Many companies simply asked borrowers to provide information that is required on government application forms, which can be downloaded online and submitted for free.
"We understand that people sometimes pay for services that they can get for free," said National Consumer Law Center attorney Deanne Loonin, the report's author. "But the companies should be transparent."
In addition, while many of the firms "sell themselves as unique experts on student loans," they have websites that are riddled with inaccuracies, according to the report. One site, for example, made repeated references to a now-defunct guaranteed loan program. Another inaccurately told a consumer that it was best to use the company's services since consolidation applications could be denied "for life."
And one firm even falsely told an NCLC shopper that it was an "approved servicer" with the U.S. Department of Education, according to the report.
Other concerns identified by the report included widespread use of mandatory arbitration clauses, requiring borrowers to sign over power of attorney and soliciting borrowers federal loan PIN numbers, which provide access to loan account information, raising privacy concerns.

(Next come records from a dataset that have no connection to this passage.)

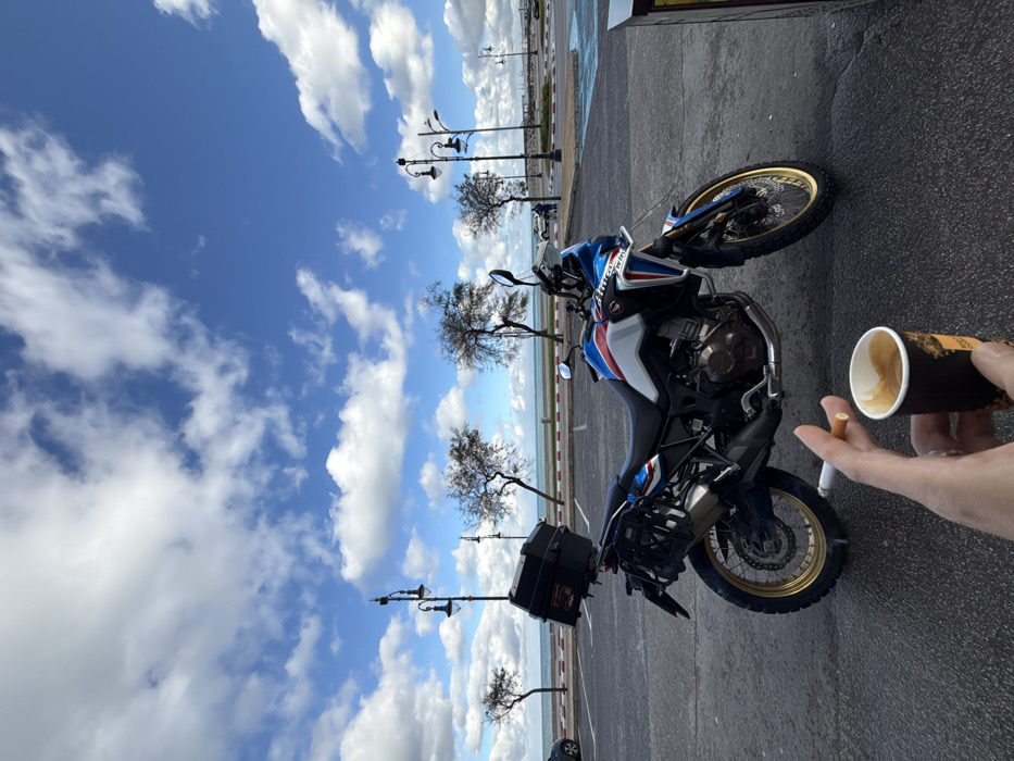 The image portrays a coastal scene in Tangier, Morocco, under a bright blue sky with scattered white cumulus clouds. In the immediate foreground, a light-skinned human hand holds a lit cigarette between the index and middle fingers, simultaneously gripping a black paper cup, containing a dark brown liquid consistent with coffee, between the thumb and other fingers. The cup features orange and yellow branding elements. Dominating the midground is a parked Honda Africa Twin adventure motorcycle. The motorcycle is distinctively colored in blue, white, and red, equipped with gold-colored spoked wheels and knobby tires. A black hard-shell top case is affixed to its rear rack. The vehicle is situated on dark asphalt pavement, displaying faint white parking lines. The background reveals a promenade separating the pavement from the sea. This area is punctuated by multiple ornate black street lamps with double light fixtures and several sparse, leafless trees. Beyond a red and white striped barrier or curb, the Mediterranean Sea is visible. A silver vehicle is partially visible parked on the far left, adjacent to the coastline. Distant urban or port structures are faintly discernible on the far right horizon.
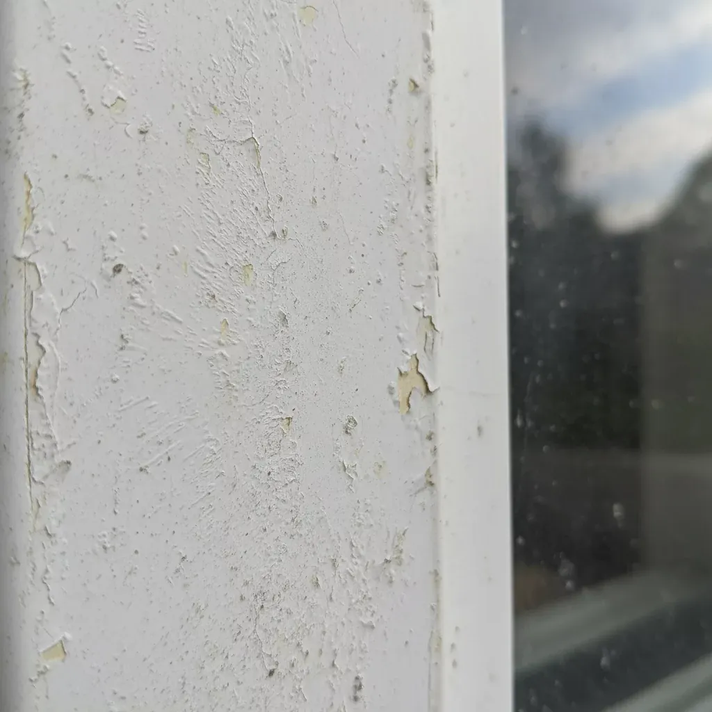 - УФ-деградация: солнечный свет разрушает полимерные цепочки в ПВХ. С годами это приводит к изменению отражения света от поверхности: белый цвет становится жёлтым или тусклым.
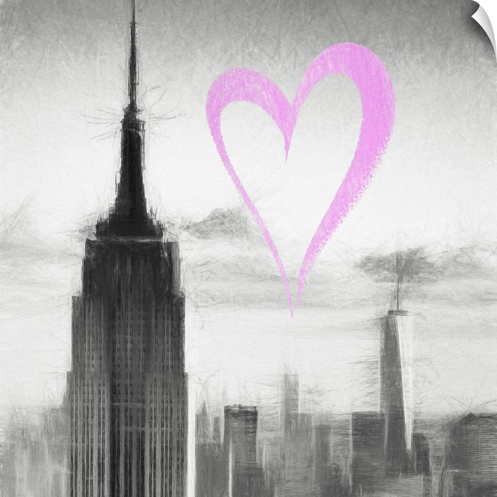 <p>Fusing of oil painting textures and techniques with a digital black and white photograph of the Empire State Building with a big, pink heart. From the Luv Collection.</p>
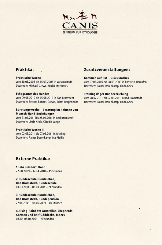 Dreijähriges Studium bei Canis: Zentrum für Kynologie |
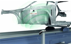 La tête de lecture/écriture vérifie que le procédé d’assemblage des éléments de carrosserie utilise les pièces correctes pour le modèle concerné. Les étiquettes fournissent les données clés à la supervision afin que les bonnes pièces soient utilisées assemblées sur chaque véhicule.
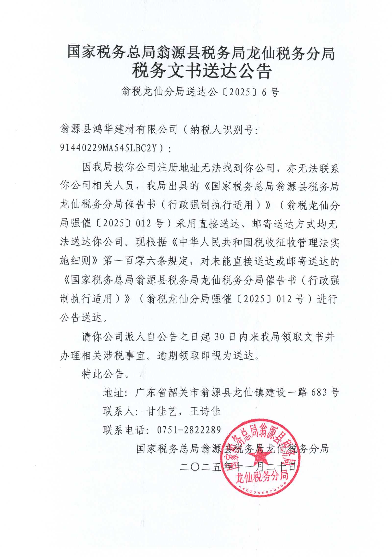 国家税务总局翁源县税务局龙仙税务分局税务文书送达公告
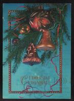 Tarjeta Postal de felicitación por el año nuevo con imagen de adornos navideños. En el anverso de la postal aparecen las palabras de felicitación en idioma ruso y en el reverso se muestra un mensaje manuscrito en idioma español de Raúl para Waty Larrogue.

In many cases, it appears the firms are violating numerous federal and state consumer protection laws that are already on the books, according to the report. As a result, the consumer group called on federal and state regulators to "step up to investigate these companies."
The report also recommended that the federal government simplify its process for borrowers to enter consolidation and repayment plans.
"One of the best ways to keep these companies in check is for the government to improve its administration of its own programs," Loonin said in the report.
The Department of Education said it has a range of free tools and resources available to borrowers at studentaid.gov.